WORK REQUIRED | Transcribe the records that follow in their entirety, omitting any pictures.
[[ AVAILABLE RECORDS, beginning ]]
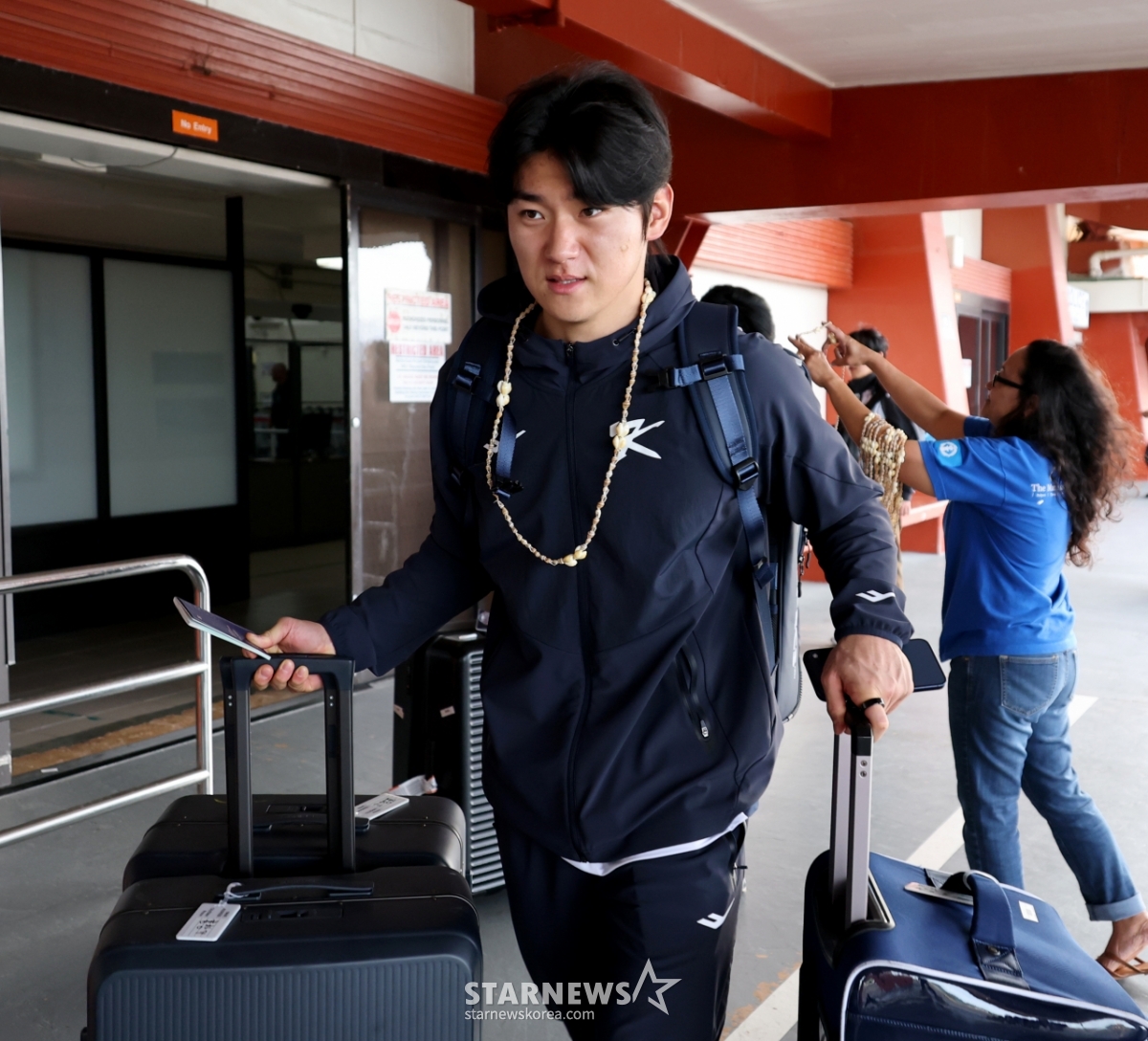 야구대표팀 김도영이 9일 인천공항을 통해 WBC 1차 전지훈련지인 사이판으로 입국한 가운데 웰컴목걸이를 선물받고 있다. 2026.01.09.
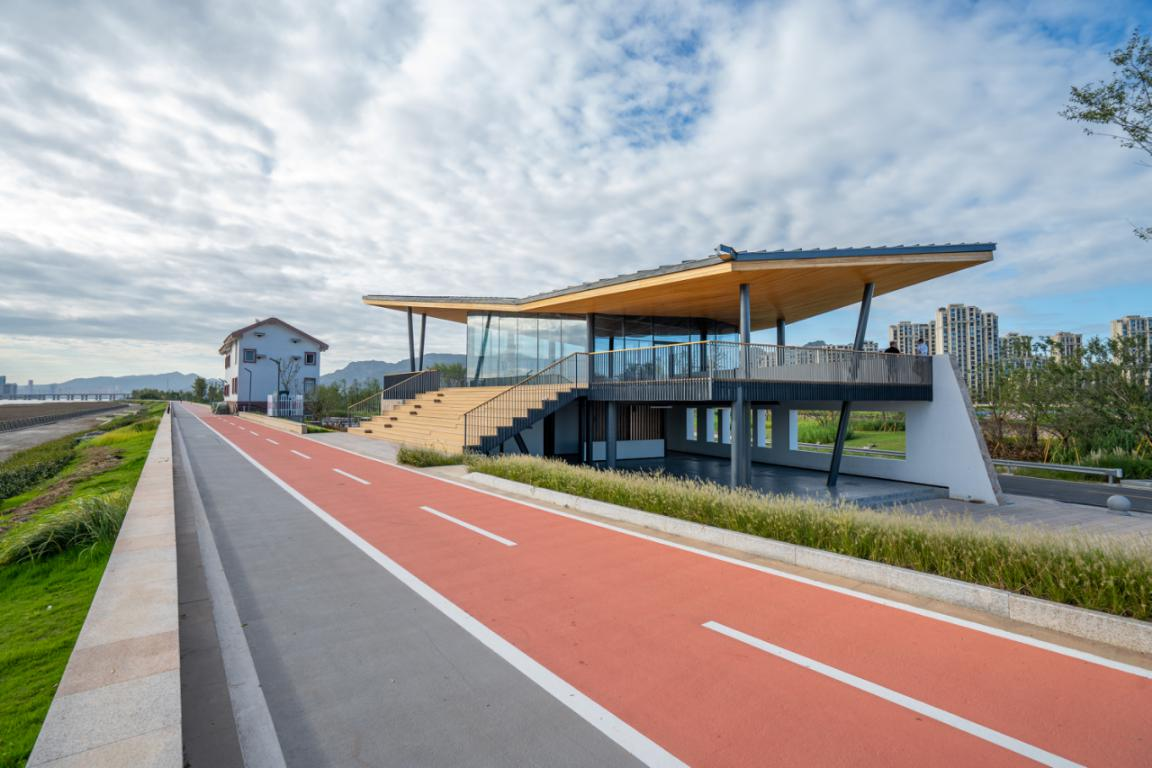 项目位于鹿城区七都街道,起于温州中心止于七都大桥北汊桥,长度约11.34公里。其中,七都西段标准堤加固工程长约1.4公里,实施后将消除海塘安全隐患,使七都海塘御潮能力恢复到100年一遇标准,为七都筑起一道安全防线,目前大桥段已完成加固,温州中心段今年开工,正在加快推进施工;环岛景观工程以海塘为依托,与绿地、田园旅游结合,对海塘及腹地进行融合提升,串联盘活七都旅游资源。部分塘段塘前保留芦苇等滩涂植被,塘顶游步道全线贯通。塘后结合美丽城镇、美丽乡村建设,打造环岛景观带,沿线布设湿地公园、露营基地、驿站、图书馆、观景台、停车场等节点和设施,打造可游览、可休闲的生态活力岸线。目前堤后四好环岛公路、环岛景观带已基本完工建成。野趣自然的环境吸引大量游客,也为百姓带来了真金白银。
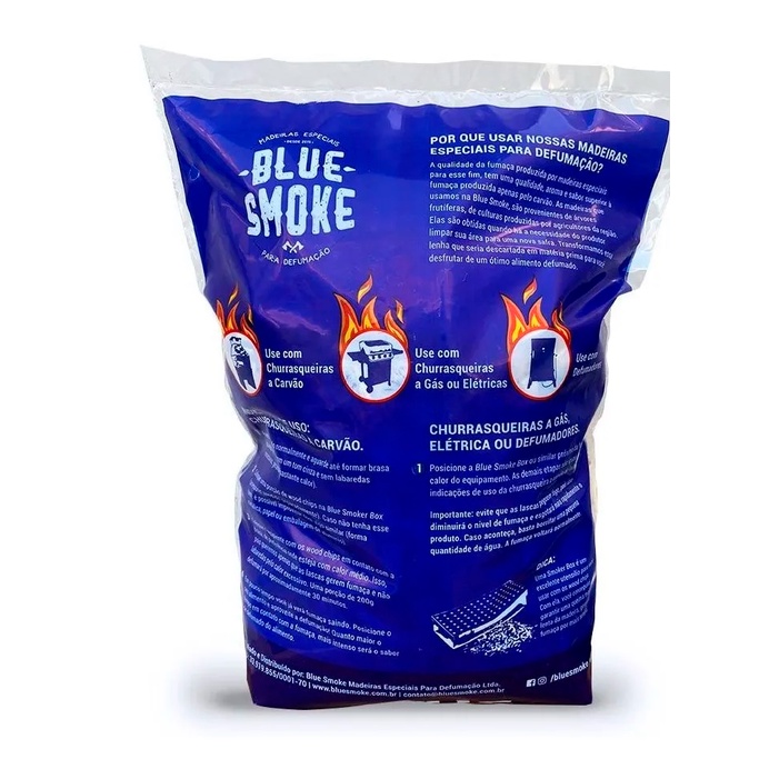 LENHA FRUTÍFERA P/ DEFUMAÇÃO | WOOD CHIPS | LASCAS DE LENHA (1KG) Já comeu aquela comida com um toque defumado e pensou: Nossa, poderia conseguir fazer isso em casa? A gente também! Foi pensando nisso que criamos a BLUE SMOKE®. Oferecemos lenhas frutíferas, 100% naturais, com a melhor qualidade e selecionadas artesanalmente. Um produto feito por e para amantes de um bom Churrasco e Defumado. CARACTERÍSTICAS: - 100% natural, sem tratamento químico posterior na madeira. - Sabor e aroma defumado ao alimento. - Bom para carnes de todos os tipos, queijos, legumes, temperos, etc. - Pode ser usada em churrasqueiras à carvão, gás, elétricas ou defumadores. - Rendimento médio: 6 usos, com aproximadamente 150g de lenha cada. COMO USAR: - Separe uma porção de cerca de 100 – 150g de lascas (um punhado) e coloque sob a bandeja descartável de alumínio que vem inclusa gratuitamente no pacote. - Posicione a bandeja (ou similar) com as lascas sob o carvão (se for churrasqueira de alvenaria) ou sob o queimador do gás (na churrasqueira a gás) e aguarde a fumaça começar a ser liberada. Leva de 5 – 10 minutos. - Feito isso, basta posicionar o alimento que quer defumar na grelha, logo acima de onde sai a fumaça. - Cada porção sugerida, irá render em torno de 30 minutos de defumação, o que já dá um sabor na medida para o churrasco tradicional. Caso queira mais intensidade, basta repetir a operação. DICAS: - Você pode controlar a intensidade colocando as lascas mais próximas ou mais afastadas da fonte de calor. - Evite que os chips peguem fogo. Queremos apenas fumaça. Caso isso aconteça, fique tranquilo(a). Basta borrifar um pouco de água. - Você ama churrasco? Recomendamos comprar a nossa SMOKER BOX para ter um melhor aproveitamento das Wood Chips em contato com o calor. Acessório feito em Aço Inox 304 de alta resistência e durabilidade. Ideal para quem quer praticidade e durabilidade na hora de fazer o seu assado. ESPECIFICAÇÕES: - Peso: 1 kg - Lascas de Lenha Frutífera de Macieira
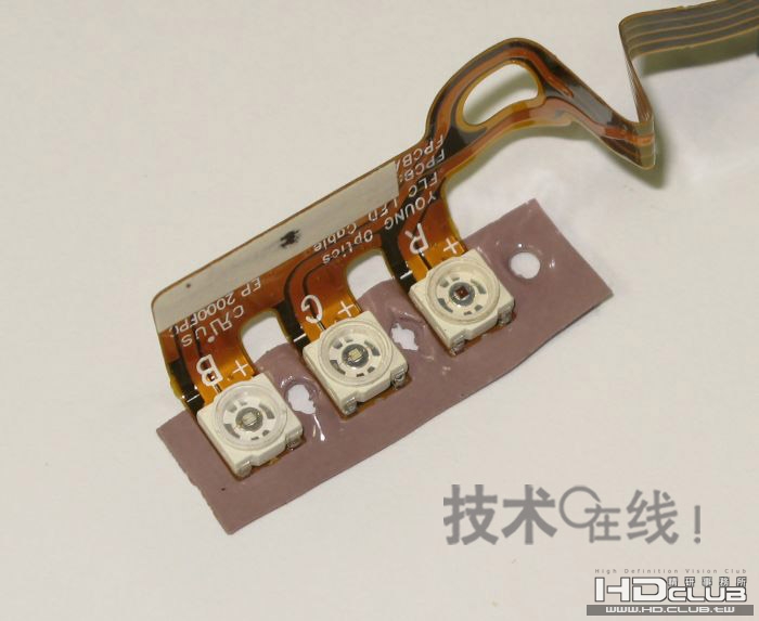 打開“PK101”的外殼後取出光學模組。在拆解光學模組之前,首先拆下安裝在模組周圍的銅板(圖1)。拆卸銅板的同時,拆下連著銅板的紅綠藍(RGB)LED光源。安裝光源的柔性底板上刻有台灣揚明光學(Young Optics)的標誌(圖2)。雖然不清楚LED的生產廠商,但估計“可能是台灣廠商製造”(日本某LED廠商的行銷主管)。
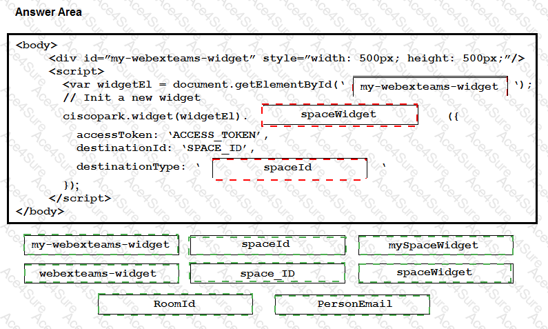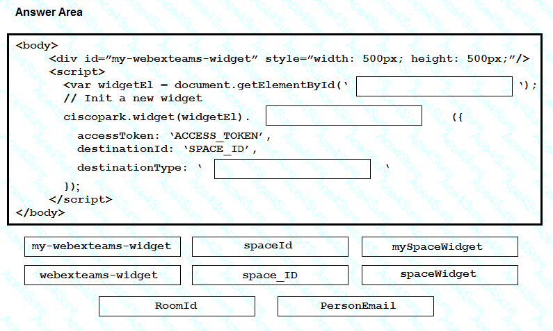 Drag and drop the code to add a Webex Teams Space Widget in an existing HTML page. Not all items are used.
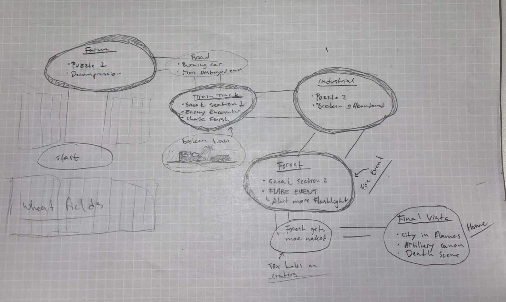 To stay within scope, I chose to map the level with a bubble diagram, placing spaces in a rough layout of the overall map. The camera's position was considered from the start, with the player view from the bottom of the page.
[[ AVAILABLE RECORDS, end ]]
OUTPUT OF THE TASK |
 야구대표팀 김도영이 9일 인천공항을 통해 WBC 1차 전지훈련지인 사이판으로 입국한 가운데 웰컴목걸이를 선물받고 있다. 2026.01.09.
 项目位于鹿城区七都街道,起于温州中心止于七都大桥北汊桥,长度约11.34公里。其中,七都西段标准堤加固工程长约1.4公里,实施后将消除海塘安全隐患,使七都海塘御潮能力恢复到100年一遇标准,为七都筑起一道安全防线,目前大桥段已完成加固,温州中心段今年开工,正在加快推进施工;环岛景观工程以海塘为依托,与绿地、田园旅游结合,对海塘及腹地进行融合提升,串联盘活七都旅游资源。部分塘段塘前保留芦苇等滩涂植被,塘顶游步道全线贯通。塘后结合美丽城镇、美丽乡村建设,打造环岛景观带,沿线布设湿地公园、露营基地、驿站、图书馆、观景台、停车场等节点和设施,打造可游览、可休闲的生态活力岸线。目前堤后四好环岛公路、环岛景观带已基本完工建成。野趣自然的环境吸引大量游客,也为百姓带来了真金白银。
 LENHA FRUTÍFERA P/ DEFUMAÇÃO | WOOD CHIPS | LASCAS DE LENHA (1KG) Já comeu aquela comida com um toque defumado e pensou: Nossa, poderia conseguir fazer isso em casa? A gente também! Foi pensando nisso que criamos a BLUE SMOKE®. Oferecemos lenhas frutíferas, 100% naturais, com a melhor qualidade e selecionadas artesanalmente. Um produto feito por e para amantes de um bom Churrasco e Defumado. CARACTERÍSTICAS: - 100% natural, sem tratamento químico posterior na madeira. - Sabor e aroma defumado ao alimento. - Bom para carnes de todos os tipos, queijos, legumes, temperos, etc. - Pode ser usada em churrasqueiras à carvão, gás, elétricas ou defumadores. - Rendimento médio: 6 usos, com aproximadamente 150g de lenha cada. COMO USAR: - Separe uma porção de cerca de 100 – 150g de lascas (um punhado) e coloque sob a bandeja descartável de alumínio que vem inclusa gratuitamente no pacote. - Posicione a bandeja (ou similar) com as lascas sob o carvão (se for churrasqueira de alvenaria) ou sob o queimador do gás (na churrasqueira a gás) e aguarde a fumaça começar a ser liberada. Leva de 5 – 10 minutos. - Feito isso, basta posicionar o alimento que quer defumar na grelha, logo acima de onde sai a fumaça. - Cada porção sugerida, irá render em torno de 30 minutos de defumação, o que já dá um sabor na medida para o churrasco tradicional. Caso queira mais intensidade, basta repetir a operação. DICAS: - Você pode controlar a intensidade colocando as lascas mais próximas ou mais afastadas da fonte de calor. - Evite que os chips peguem fogo. Queremos apenas fumaça. Caso isso aconteça, fique tranquilo(a). Basta borrifar um pouco de água. - Você ama churrasco? Recomendamos comprar a nossa SMOKER BOX para ter um melhor aproveitamento das Wood Chips em contato com o calor. Acessório feito em Aço Inox 304 de alta resistência e durabilidade. Ideal para quem quer praticidade e durabilidade na hora de fazer o seu assado. ESPECIFICAÇÕES: - Peso: 1 kg - Lascas de Lenha Frutífera de Macieira
 打開“PK101”的外殼後取出光學模組。在拆解光學模組之前,首先拆下安裝在模組周圍的銅板(圖1)。拆卸銅板的同時,拆下連著銅板的紅綠藍(RGB)LED光源。安裝光源的柔性底板上刻有台灣揚明光學(Young Optics)的標誌(圖2)。雖然不清楚LED的生產廠商,但估計“可能是台灣廠商製造”(日本某LED廠商的行銷主管)。
 Drag and drop the code to add a Webex Teams Space Widget in an existing HTML page. Not all items are used.
 To stay within scope, I chose to map the level with a bubble diagram, placing spaces in a rough layout of the overall map. The camera's position was considered from the start, with the player view from the bottom of the page.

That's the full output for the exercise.